Faculty Recruiting Support CICS

Data Science for the Common Good (DS4CG) 2022 Poster Session

27 Sep
Tuesday, 09/27/2022 11:00am to 1:00pm
Computer Science Building, Room 150/151
Special Event

Data Science for the Common Good (DS4CG) is a summer program that trains aspiring data scientists to work on real-world problems that benefit the common good. Join the 2022 cohort of DS4CG fellows for lunch and a poster session where you will get to learn about each project directly from students.

Please RSVP so that we make sure to order enough food. RSVP requested but not required. 

 

DS4CG 2022 Projects

MassChallenge

MassChallenge is a non-profit startup accelerator with over 10 years of experience connecting innovative entrepreneurs with community partnerships and financial resources. In this partnership with MassChallenge, students create models to predict applicant success and provide feedback to the entrepreneurs in order to improve their odds of a successful application. Another goal of the project is to develop a recommendation model that provides a "dating app-style" mentor-mentee matching for startups registered in a MassChallenge program.

Media Ecosystems Analysis Group

The Media Ecosystems Analysis Group performs quantitative media research across digital spaces, and supports multiple non-profits to leverage media insights. Students on this team are developing a pipeline for hate speech detection in videos using text transcribed from YouTube, which has become notorious for harboring online hate speech and harmful content. Integrating state-of-the-art natural language processing and information retrieval techniques, they will design an annotation process and a classifier model pipeline for categorizing videos for anti-immigrant extreme speech with highly interpretable, interactive dashboards.

UMass Rescue Lab

UMass Rescue Lab is the premier computer science research group focused on rescuing children from internet-based victimization. Students on this team will create a web application that helps parents protect their children from technology-driven exploitation. The project uses application reviews to identify potential dangers to children in the forms of exploitation and abuse through state-of-the-art NLP techniques and interactive data visualizations.
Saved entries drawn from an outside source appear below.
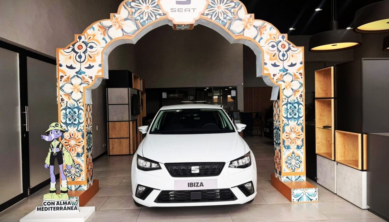 Los concesionarios SEAT se transforman en escenarios llenos de arte, color y diseño. Elementos como arcos decorativos con azulejos inspirados en la arquitectura mediterránea acompañan a los vehículos, creando una experiencia visual envolvente. De esta manera, cada vitrina se convierte en un punto de encuentro entre movilidad, cultura y expresión artística.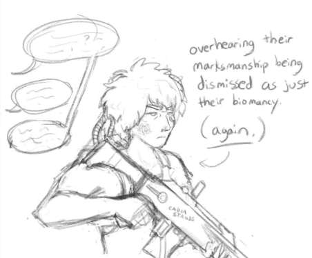 While Silver is generally difficult to coax into outwardly showing irritation, curiously despite their restraint they become visibly annoyed by claims their potent biomancy is the real root of their highly impressive marksmanship. They are quick to remind their biomancy does not enhance their firearms in any way, their abilites do not manifest as sharper senses, and even the quick reflexes of superhuman speed are inhibited by the maximum speed of a gun's mechanical workings — there is only but so fast a trigger can be pulled or a gun can be reloaded without harming the gun. Even early in their childhood the seasoned adult Cadian soldiers in their life considered them a child prodigy, and they have tirelessly practiced their marksmanship every moment of their life they have been allowed to handle any kind of gun, starting years before even the barest whisper of their psychic abilities manifest; their skill is not some fickle bestowment of the warp but stems from their own passion for firearms and persistent drive for improvement at handling them.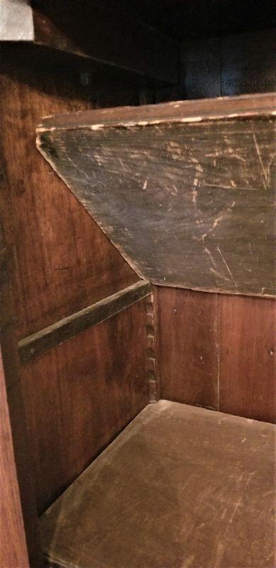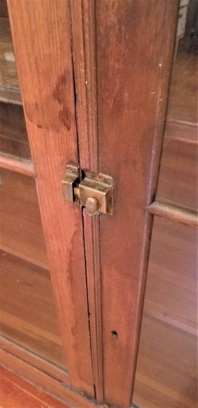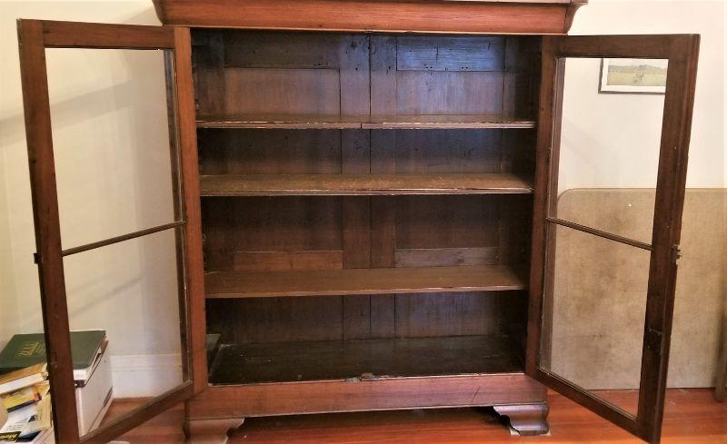This piece is well over 100 years old and is in good antique condition. All original. Three shelves are all adjustable. Measures 58.6" across, 18.5" deep, and 64" tall. Very heavy, solid wood. Purchaser will need to be able to load this piece themselves.

Data Profiling for Fairness

Algorithmic fairness is one of the most important topics in the last decade of data science, and has attracted significant attention from industry and academia. Students on this team will investigate potential issues in data-driven systems that contribute to algorithmic fairness, in order to help data practitioners understand and identify these issues in their data and the related machine learning tasks. 

Red Cross

Timely reliable damage assessment of buildings and infrastructure in the wake of natural disasters is crucial to enable governments to make emergency declarations, and organize response and recovery efforts. To aid this effort, student on this project leverage modern machine learning techniques to rapidly analyze the before and after satellite images of affected areas to assess damage. Together with the Red Cross, the goal is to build a robust tool that is adaptable to detecting buildings and inflicted damage across the globe.

Herring Project

Accurate and efficient stock assessment methods of commercially relevant fish species are extremely important toward sustainable fisheries management. Currently used manual techniques are highly inefficient, time-consuming, and not incredibly accurate. Students in this group will partner with the MIT Sea Grant group to automate the detection and counting of herring fish species in image and video data for efficient fishery management. The goal is to build an end-to-end platform that takes video inputs, applies state-of-the-art computer vision techniques, and outputs count of herring fishes moving upstream. 

Scholarship America

Scholarship America manages the scholarship process by mediating between donors and recipients. Students on this project will apply machine learning methods within supervised learning to answer questions on graduation outcomes of scholarship recipients.